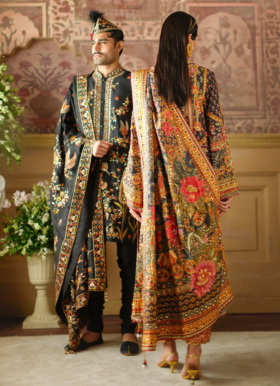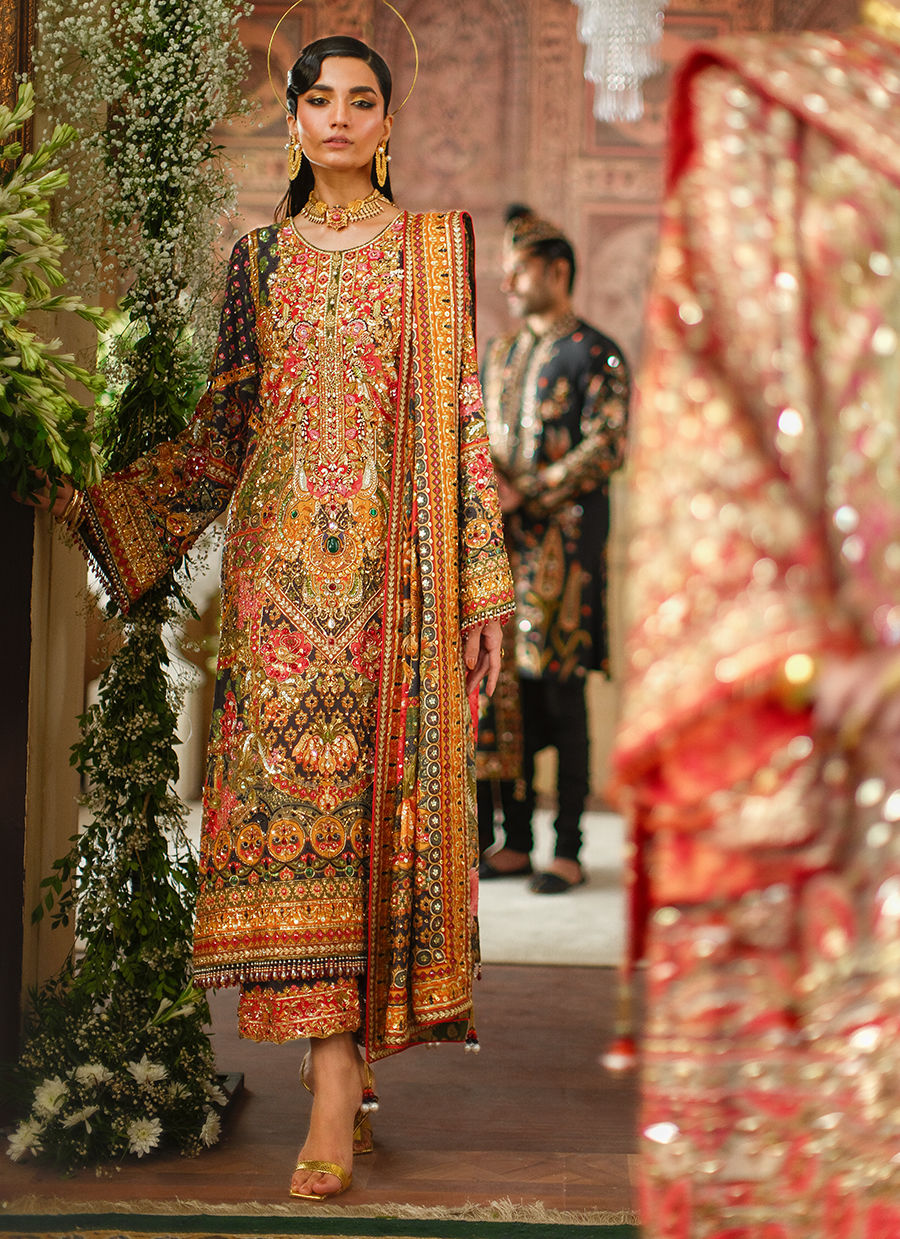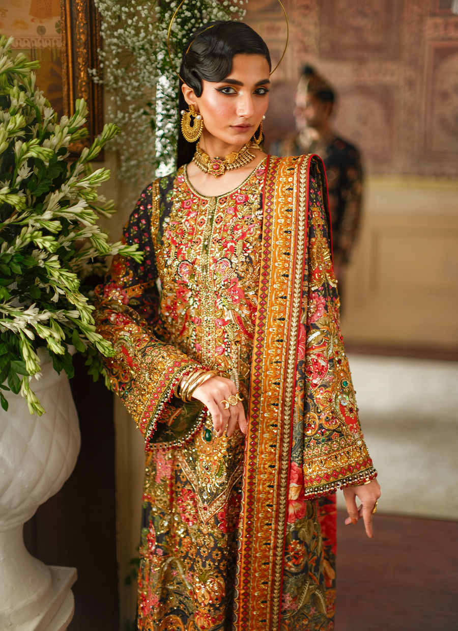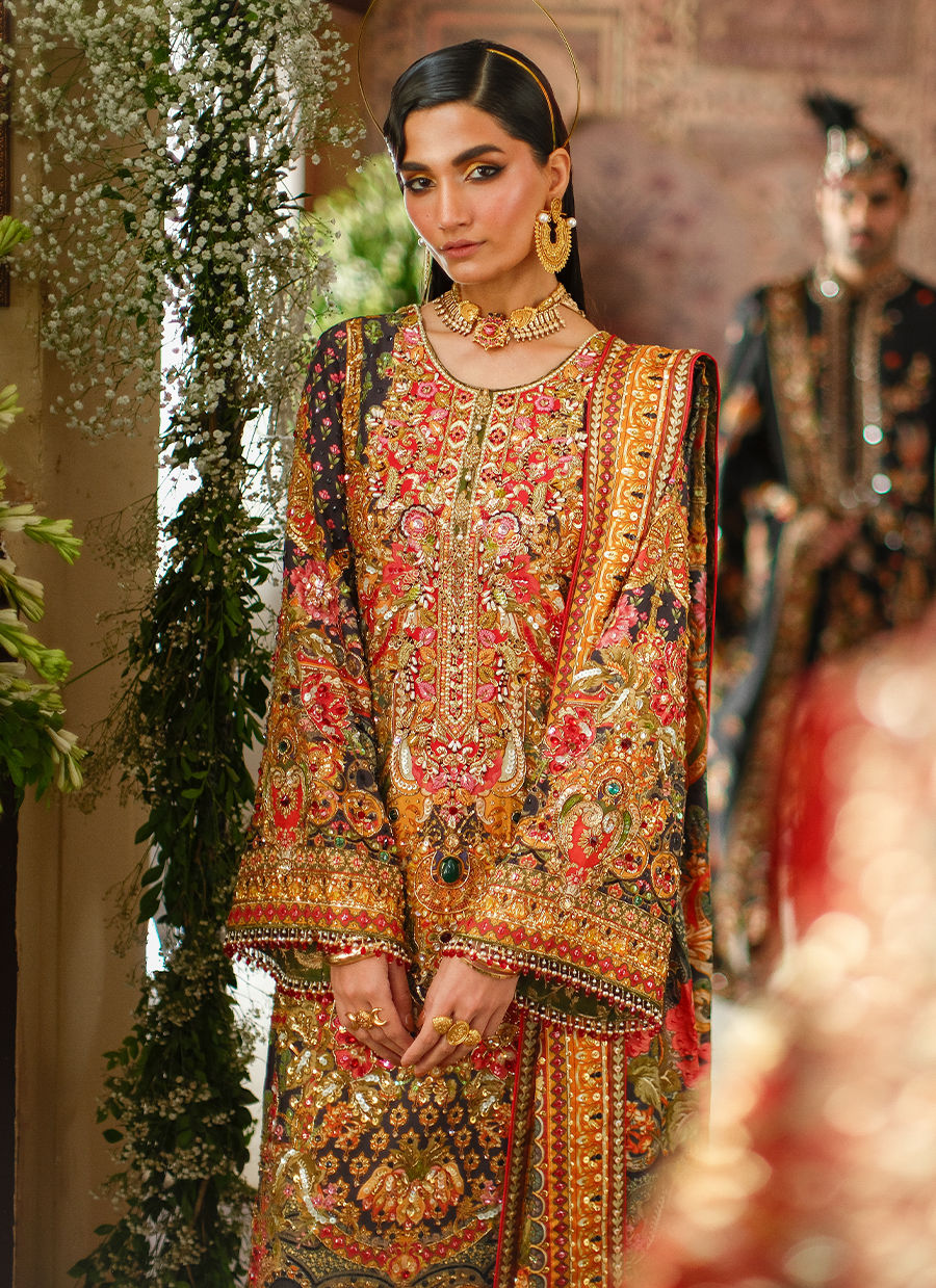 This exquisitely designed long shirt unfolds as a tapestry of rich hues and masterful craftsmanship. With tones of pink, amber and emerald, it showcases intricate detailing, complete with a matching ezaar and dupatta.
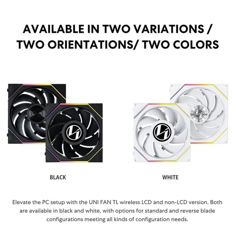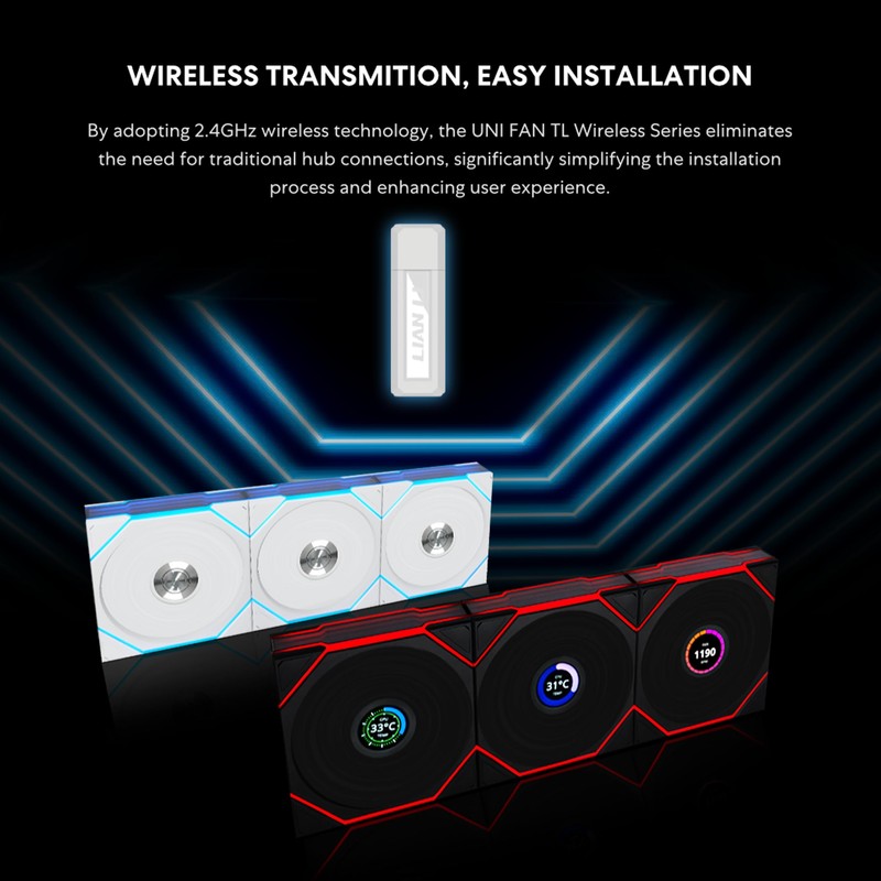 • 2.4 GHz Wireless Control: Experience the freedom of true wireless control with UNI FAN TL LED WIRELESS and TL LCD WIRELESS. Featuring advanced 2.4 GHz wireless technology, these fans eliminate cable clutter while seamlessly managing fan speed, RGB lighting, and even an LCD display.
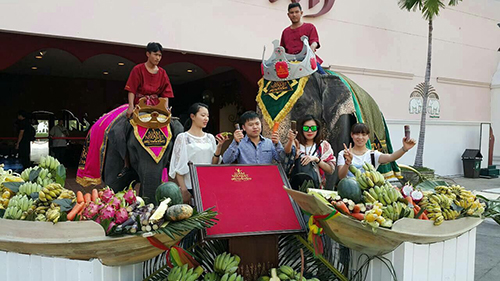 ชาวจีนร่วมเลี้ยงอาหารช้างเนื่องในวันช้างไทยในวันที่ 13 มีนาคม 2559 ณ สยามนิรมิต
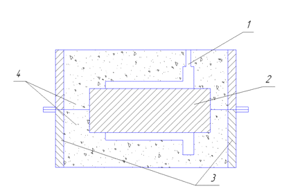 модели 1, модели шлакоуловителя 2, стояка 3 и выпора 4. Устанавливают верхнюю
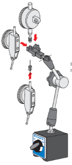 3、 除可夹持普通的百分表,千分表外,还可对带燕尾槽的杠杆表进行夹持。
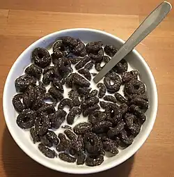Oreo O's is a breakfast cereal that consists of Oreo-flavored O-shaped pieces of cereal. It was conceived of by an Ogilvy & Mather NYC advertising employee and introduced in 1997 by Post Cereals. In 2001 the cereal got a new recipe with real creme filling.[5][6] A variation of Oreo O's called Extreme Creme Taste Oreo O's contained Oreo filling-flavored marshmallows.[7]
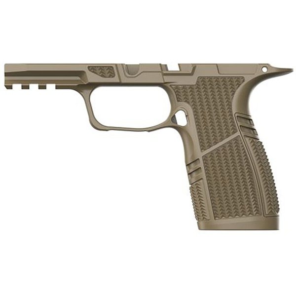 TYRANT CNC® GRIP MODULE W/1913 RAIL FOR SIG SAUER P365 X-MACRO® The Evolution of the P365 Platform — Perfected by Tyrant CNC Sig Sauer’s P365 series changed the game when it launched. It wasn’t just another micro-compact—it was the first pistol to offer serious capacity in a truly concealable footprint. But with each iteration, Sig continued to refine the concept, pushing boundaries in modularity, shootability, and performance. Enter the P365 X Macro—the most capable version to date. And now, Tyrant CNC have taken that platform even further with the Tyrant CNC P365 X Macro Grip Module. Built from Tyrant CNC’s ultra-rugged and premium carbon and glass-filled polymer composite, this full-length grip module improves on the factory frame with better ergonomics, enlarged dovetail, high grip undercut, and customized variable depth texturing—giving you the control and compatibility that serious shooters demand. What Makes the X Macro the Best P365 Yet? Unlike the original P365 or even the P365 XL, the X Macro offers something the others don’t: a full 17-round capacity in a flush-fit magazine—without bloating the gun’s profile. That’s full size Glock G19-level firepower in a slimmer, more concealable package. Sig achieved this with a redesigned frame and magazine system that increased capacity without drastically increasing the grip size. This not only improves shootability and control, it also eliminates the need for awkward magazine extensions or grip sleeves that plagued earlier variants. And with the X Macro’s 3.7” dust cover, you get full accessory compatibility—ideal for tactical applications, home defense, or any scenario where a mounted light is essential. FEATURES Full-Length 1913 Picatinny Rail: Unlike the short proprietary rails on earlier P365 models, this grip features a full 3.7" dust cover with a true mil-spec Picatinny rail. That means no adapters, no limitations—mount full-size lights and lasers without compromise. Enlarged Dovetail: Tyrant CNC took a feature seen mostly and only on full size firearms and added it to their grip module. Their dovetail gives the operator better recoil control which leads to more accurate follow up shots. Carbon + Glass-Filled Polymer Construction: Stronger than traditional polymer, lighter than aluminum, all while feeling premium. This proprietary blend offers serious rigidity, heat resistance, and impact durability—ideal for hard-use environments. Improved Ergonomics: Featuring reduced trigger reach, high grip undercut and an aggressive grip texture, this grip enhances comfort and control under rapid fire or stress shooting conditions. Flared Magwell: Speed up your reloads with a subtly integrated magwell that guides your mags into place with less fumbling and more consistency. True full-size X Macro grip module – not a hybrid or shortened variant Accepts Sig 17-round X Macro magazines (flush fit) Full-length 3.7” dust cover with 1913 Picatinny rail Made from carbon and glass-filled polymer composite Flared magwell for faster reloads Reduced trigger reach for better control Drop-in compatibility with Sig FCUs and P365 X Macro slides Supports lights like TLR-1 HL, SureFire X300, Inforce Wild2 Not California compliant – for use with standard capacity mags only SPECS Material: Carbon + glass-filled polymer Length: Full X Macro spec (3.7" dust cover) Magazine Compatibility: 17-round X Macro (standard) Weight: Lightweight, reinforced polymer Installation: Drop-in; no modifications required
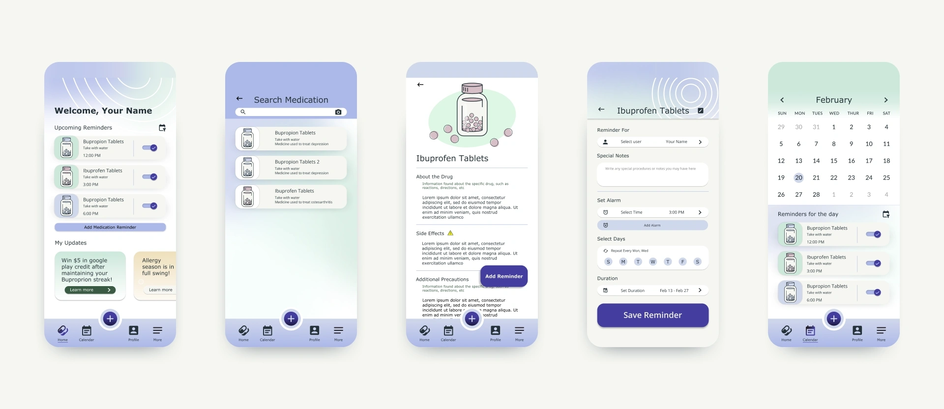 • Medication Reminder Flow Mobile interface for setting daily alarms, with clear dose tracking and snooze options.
==========
**What you have to do**. Leaving pictures out, output the lines of the data above from the one with "ชาวจีนร่วมเลี้ยงอาหารช้างเนื่องในวันช้างไทยในวันที่ 13 มีนาคม" through the one with "Oreo O's is", word for word.

**Solution to the exercise**.
 ชาวจีนร่วมเลี้ยงอาหารช้างเนื่องในวันช้างไทยในวันที่ 13 มีนาคม 2559 ณ สยามนิรมิต
 модели 1, модели шлакоуловителя 2, стояка 3 и выпора 4. Устанавливают верхнюю
 3、 除可夹持普通的百分表,千分表外,还可对带燕尾槽的杠杆表进行夹持。
Oreo O's is a breakfast cereal that consists of Oreo-flavored O-shaped pieces of cereal. It was conceived of by an Ogilvy & Mather NYC advertising employee and introduced in 1997 by Post Cereals. In 2001 the cereal got a new recipe with real creme filling.[5][6] A variation of Oreo O's called Extreme Creme Taste Oreo O's contained Oreo filling-flavored marshmallows.[7]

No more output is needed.